# Clutch Pedal Mod's -1968



## PontiacJim (Dec 29, 2012)

*Clutch Pedal & Rod Parts List*

1 - Grade 5 7/16" x 5" Bolt
2 - INA SCE78 Shell Type Needle Bearing 7/16" ID x 5/8" OD x 1/2" W.
1 - Kit (4 pcs) Clutch/Brake Pedal Shaft Bushings
2 - 1/2"-20 Thread x 1/2" Dia. Hole Right Hand Heim Joint
1 - 3/8" ID x 1/2" OD x 1" L Steel Spacer
1 - Grade 8 3/8"-16 Thread x 2" Flange Bolt
1 - Grade 8 3/8"-16 Flange Lock Nut

*WARNING! *This set-up will require fabrication skills and tools to do the job. I used a high-speed die grinder with cut-off wheel, 1/2"-20 thread die and handle, and welder.
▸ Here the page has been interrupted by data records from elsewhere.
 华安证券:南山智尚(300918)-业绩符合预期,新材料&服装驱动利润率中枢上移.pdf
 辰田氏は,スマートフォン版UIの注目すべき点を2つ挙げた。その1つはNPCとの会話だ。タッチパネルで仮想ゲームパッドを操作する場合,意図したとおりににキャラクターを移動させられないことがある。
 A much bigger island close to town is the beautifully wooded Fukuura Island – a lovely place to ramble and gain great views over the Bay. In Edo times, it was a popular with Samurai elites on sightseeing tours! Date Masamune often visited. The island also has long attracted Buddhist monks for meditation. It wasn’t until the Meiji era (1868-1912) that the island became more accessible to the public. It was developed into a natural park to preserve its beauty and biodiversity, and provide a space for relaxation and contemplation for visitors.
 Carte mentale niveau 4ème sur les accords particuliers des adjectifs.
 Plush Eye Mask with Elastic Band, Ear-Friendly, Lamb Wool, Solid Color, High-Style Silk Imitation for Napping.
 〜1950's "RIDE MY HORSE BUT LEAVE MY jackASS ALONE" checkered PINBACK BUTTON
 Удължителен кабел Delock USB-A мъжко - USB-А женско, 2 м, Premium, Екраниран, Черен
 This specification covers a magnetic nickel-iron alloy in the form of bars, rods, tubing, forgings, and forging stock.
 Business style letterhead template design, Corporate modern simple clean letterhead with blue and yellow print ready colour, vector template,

Always wear ear & eye protection.

My '68 Lemans has over 176,000 miles on the odometer. In its disassembled state, I wanted to refurbish the clutch & brake pedal assembly. This may apply to other years as well. The diagram is from the Factory Manual that shows the pedal bracket, pedals, pedal shaft bolt/steel & plastic bushings, clutch rod, and the counter shaft with all its parts to operate the clutch.
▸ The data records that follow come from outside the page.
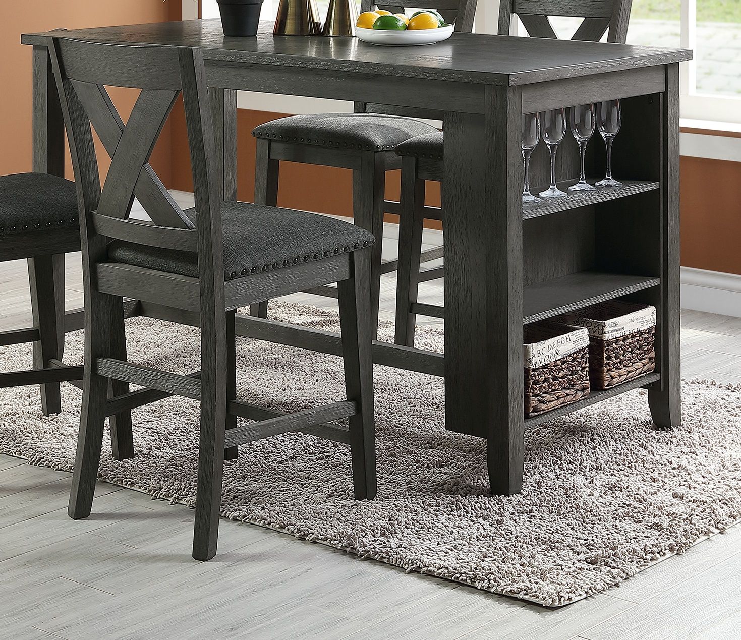 Modern Gray Finish 5pc Counter Height High Dining Table w Storage Shelves High Chairs And Stools Wooden Kitchen Breakfast Table Dining Room Furniture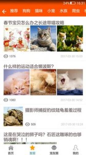 2、涵盖宠物资讯、宠物护理、宠物健康、宠物讨论、宠友圈、宠物商城多个领域。
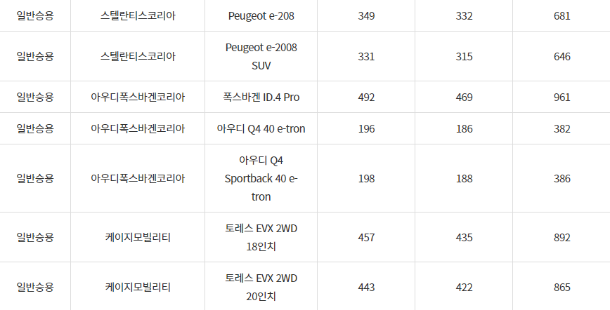 2024년 여수시 전기차 차종별 보조금 (국비+지방비)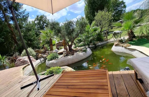 Jurassic cottage in a green setting with koi pond | Cabin in Marsas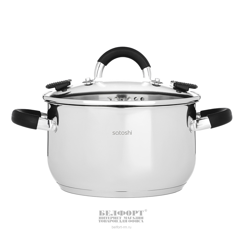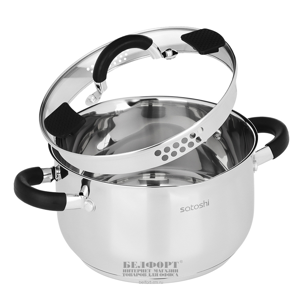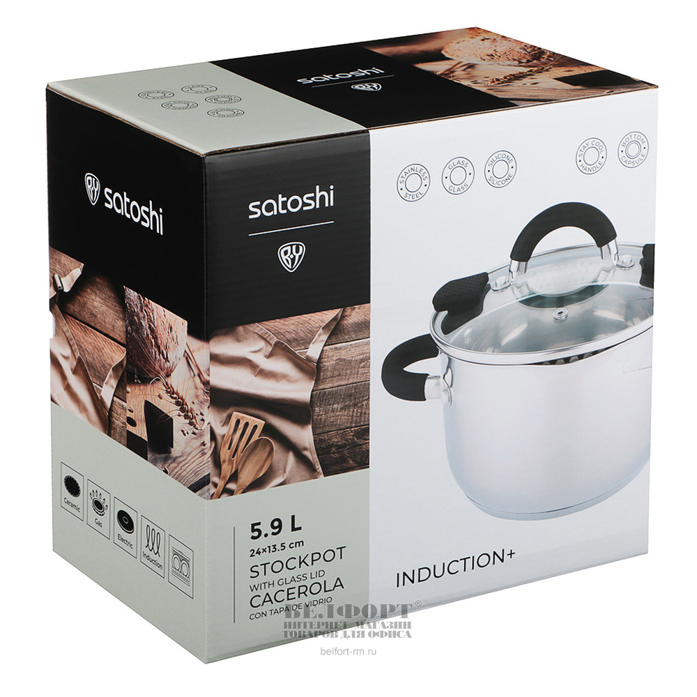 Кастрюля 5,9л, нержавеющая сталь, Satoshi, "Арбон", d 24 см, h 13,5см, со стеклянной крышкой, для всех типов плит, индукционное дно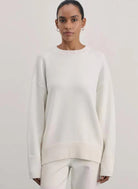 Draag de Serene Sweater op een geplooide wide-leg broek voor een moderne, nonchalante uitstraling. Voor een cozy look combineer je hem met een legging en sneakers. Voeg een lange jas toe om de outfit compleet te maken op koudere dagen.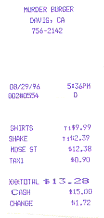 Okay, so I haven't got the photo developed yet. Sue me. But first: imagine the logo from the MURDER BURGER sign on the front of a black t-shirt, and on the back, three blood-oozin' bullet holes. There...you're feeling a little less litigious now, aren't you?
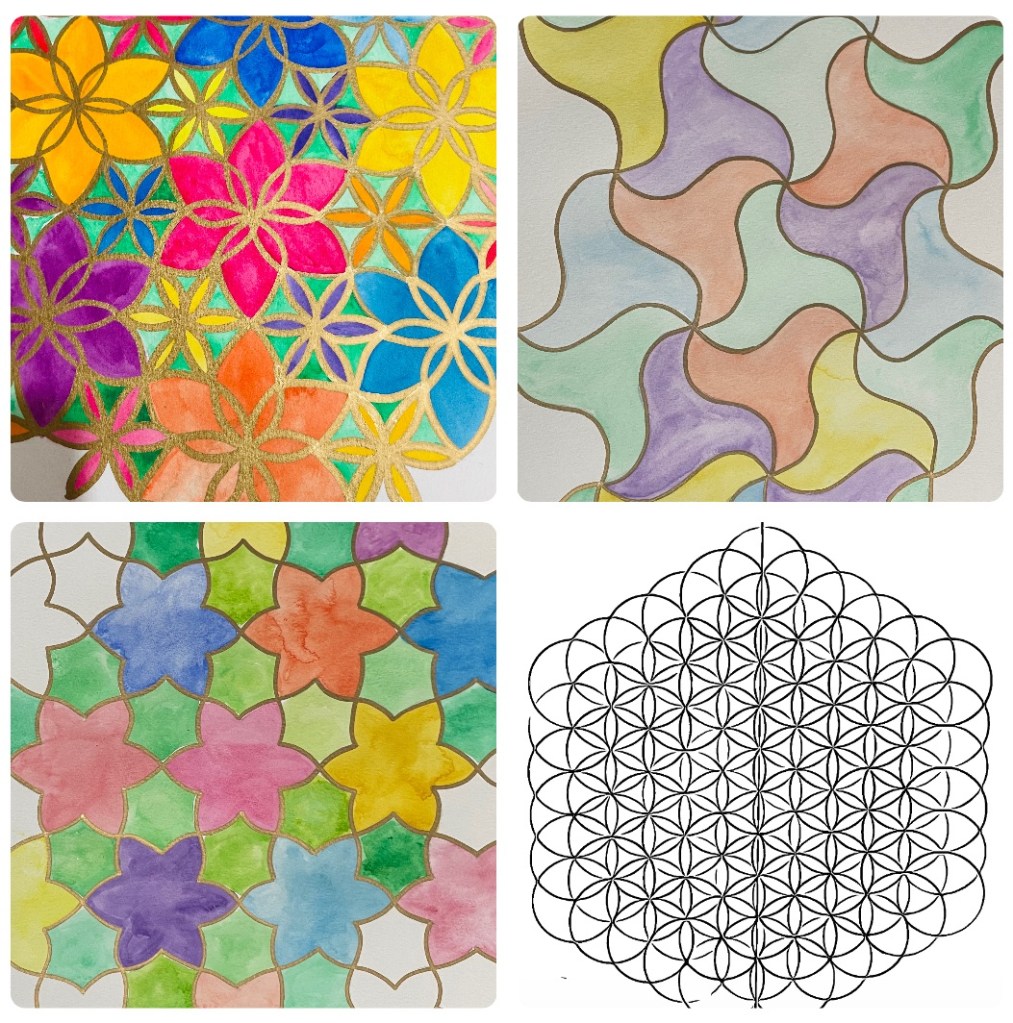I delivered the ‘Flower of Life’ pattern in the online class. As well as compass practise, we hunted and created more patterns that can be formed using the Flower of Life as a grid.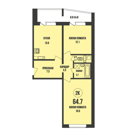 Общая площадь квартиры — 64.7 кв.м. Тип дома — панельный. Компания-застройщик — Энергомонтаж.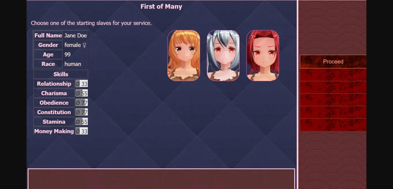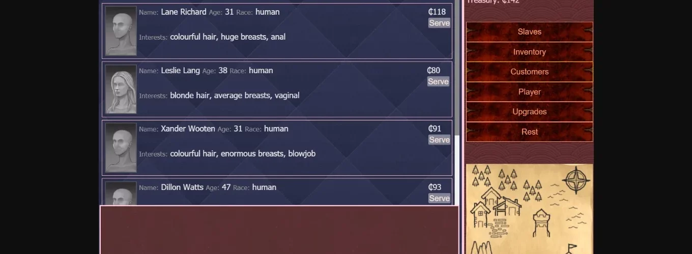 Kazatzka is a fantasy medieval brothel simulator with slave training elements sprinkled in. You, as the player character, offer your slaves to customers coming to your brothel and can also have them to yourself in your free time. Initially you start off in a small house with limited capacity for anything in a farmland, but through upgrades you get to a far better place. There are item and slave trading and different sexual preferences each customer would like.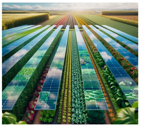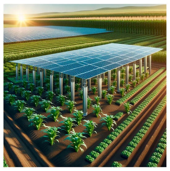 - Gorjian, S.; Bousi, E.; Özdemir, Ö.E.; Trommsdorff, M.; Kumar, N.M.; Anand, A.; Kant, K.; Chopra, S.S. Progress and challenges of crop production and electricity generation in agrivoltaic systems using semi-transparent photovoltaic technology. Renew. Sustain. Energy Rev. 2022, 158, 112126. [Google Scholar] [CrossRef]

Pic #1, #2, & #3 is my pedal assembly & clutch rod. You can see in pic #2 how the pedals are attached to the bracket. The pedals themselves each have a pinched tube on them that a steel spacer goes into, a plastic bushing fits on each end, and the long bolt and lock nut runs through the bracket & steel spacers to bolt everything together.

I sandblasted all my parts to get them clean, sprayed a coat of Self Etching Primer, followed by a couple coats of Rustoleum Ultra High Temp Black. Mine got a little bumped & bruised, so they got one last coat of paint when I was done with everything.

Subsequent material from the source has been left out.